UPDATE: March 15, 2021: Danone's board said Monday that Emmanuel Faber has stepped down as chairman and CEO at the maker of Activia yogurt and Evian bottled water. The France-based company said Gilles Schnepp has become chairman, while Véronique Penchienati-Bosetta, currently the head of Danone International, and Shane Grant, who is the CEO of its North America operations, will run the business while it searches for a new CEO.
UPDATE: March 2, 2021: This story has been updated with analyst reactions.
- Danone's board voted Monday to separate the chairman and CEO roles currently held by Emmanuel Faber while starting a search for a new chief executive to oversee the dairy giant, the company said in a statement.
- Faber will stay on in his current positions at Danone until a new CEO is found and then become non-executive chairman.
- The maker of Oikos dairy yogurt and Silk plant-based products has been under fire by several activist investors in recent months who have called for changes in leadership amid a slumping stock price and questions over the company's strategy.
Danone is a multibillion-dollar food giant with a deep bench of yogurt and milk options. It also has a huge presence in plant-based offerings, which it doubled down on with its $12.5 billion purchase of WhiteWave in 2017.
But despite an enviable portfolio of brands that populate large swaths of the dairy aisle, activist investors including Artisan Partners Asset Management, Causeway Capital Management and Bluebell Capital Partners have called for changes.
"The underperformance of Danone's share price has been driven, in our view, by a combination of poor operational track record and questionable capital allocation choices," Bluebell wrote in a November letter to Danone's lead independent director, Michel Landel.
Bluebell went on to note how since Faber took over in 2014, Danone has delivered total shareholder returns of 21%, compared with 56% for the Stoxx Europe 600 Food & Beverage, 97% for Nestlé and 101% for Unilever. Bluebell said this "fails to reflect the quality of [Danone's] assets."
Danone's brands include Oikos and Activia yogurt and Stok ready-to-drink coffee, and it has a large presence in bottled water through Evian. But these categories are increasingly competitive.
Danone is facing pressure from General Mills' Yoplait, Greek yogurt maker Chobani, as well as countless startups. The bottled water category is inundated with scores of big-name and private-label brands, and is tumultuous regardless a company's size. After struggling in the segment for years, Nestlé announced last month it was selling its North American bottled water business to focus on its international premium brands, local natural mineral waters, healthy hydration products and functional water.
Critics have also said Danone has focused too much on its environmental and sustainability efforts at the expense of its financial performance.

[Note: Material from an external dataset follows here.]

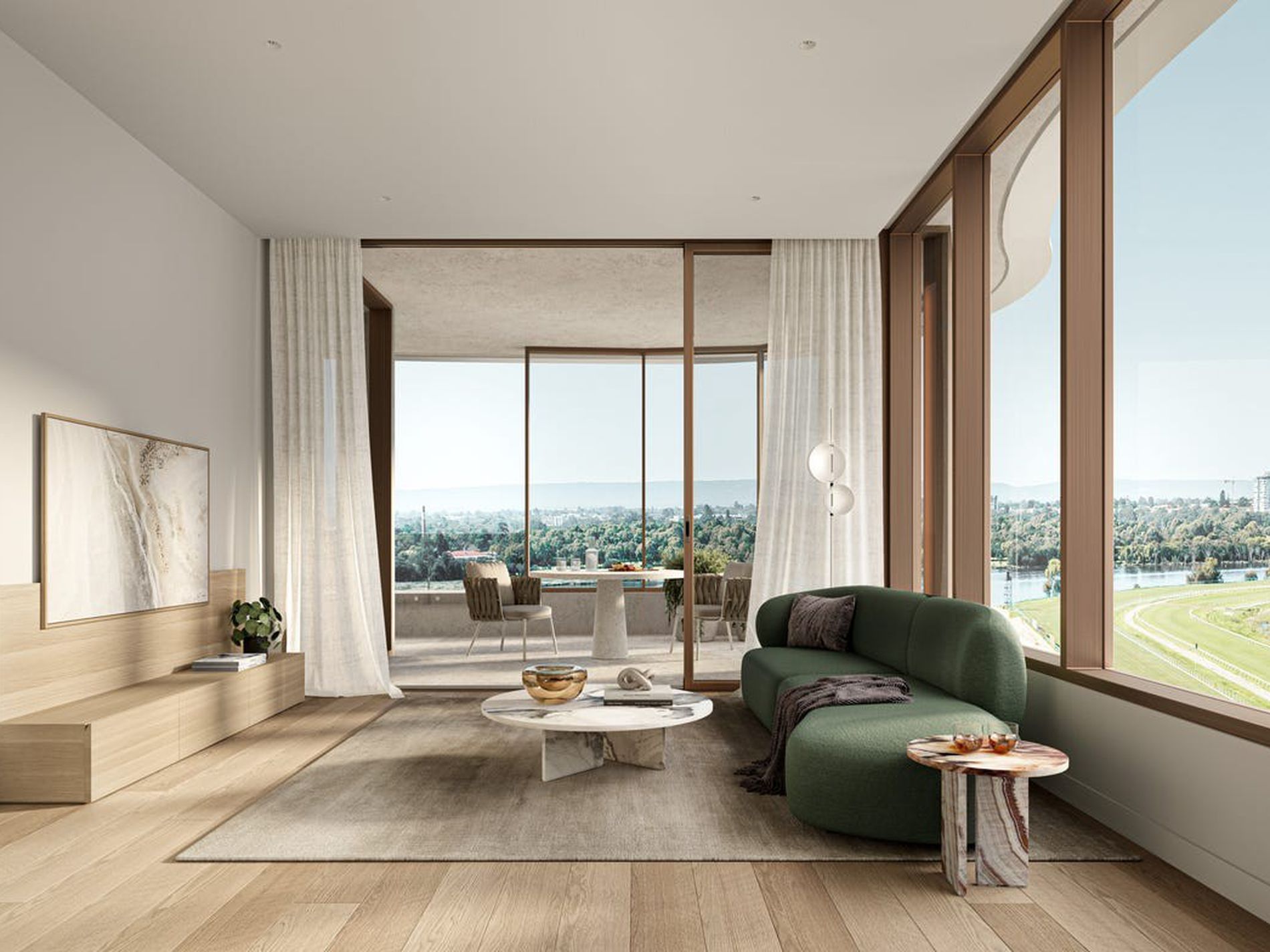 Step into a light-filled open-plan living area that flows seamlessly into a well-appointed kitchen, complete with premium finishes, ample storage, and elegant design that lends well to entertaining. The spacious layout is wrapped in full-height glazing and extends onto a private balcony, where you can soak in the dynamic energy of race days or simply unwind with a picturesque outlook.

The company doubled down on that commitment last year, vowing to place a greater focus on its environmental, social and governance goals and create an independent committee to monitor and report on its progress. And three years ago, its North America operations achieved B Corp certification two years ahead of schedule.
Before Bluebell's letter was made public, Faber had already announced a series of steps Danone was taking to better position it for a post-COVID-19 world. In November, Danone said it was cutting as many as 2,000 jobs, or roughly 2% of its global workforce.
Danone also is conducting a strategic review of its portfolio of brands, SKUs and assets. The French company announced Sunday it planned to sell its stake in China Mengniu Dairy, which has a market value of more than $2 billion, later this year. In February, Danone said it would acquire plant-based pioneer Follow Your Heart to increase its presence in the fast-growing sector.
It’s uncertain how much impact a new CEO will have on Danone without a major divestiture of brands, a transformative acquisition, or a significant boost in spending to innovate its existing offerings.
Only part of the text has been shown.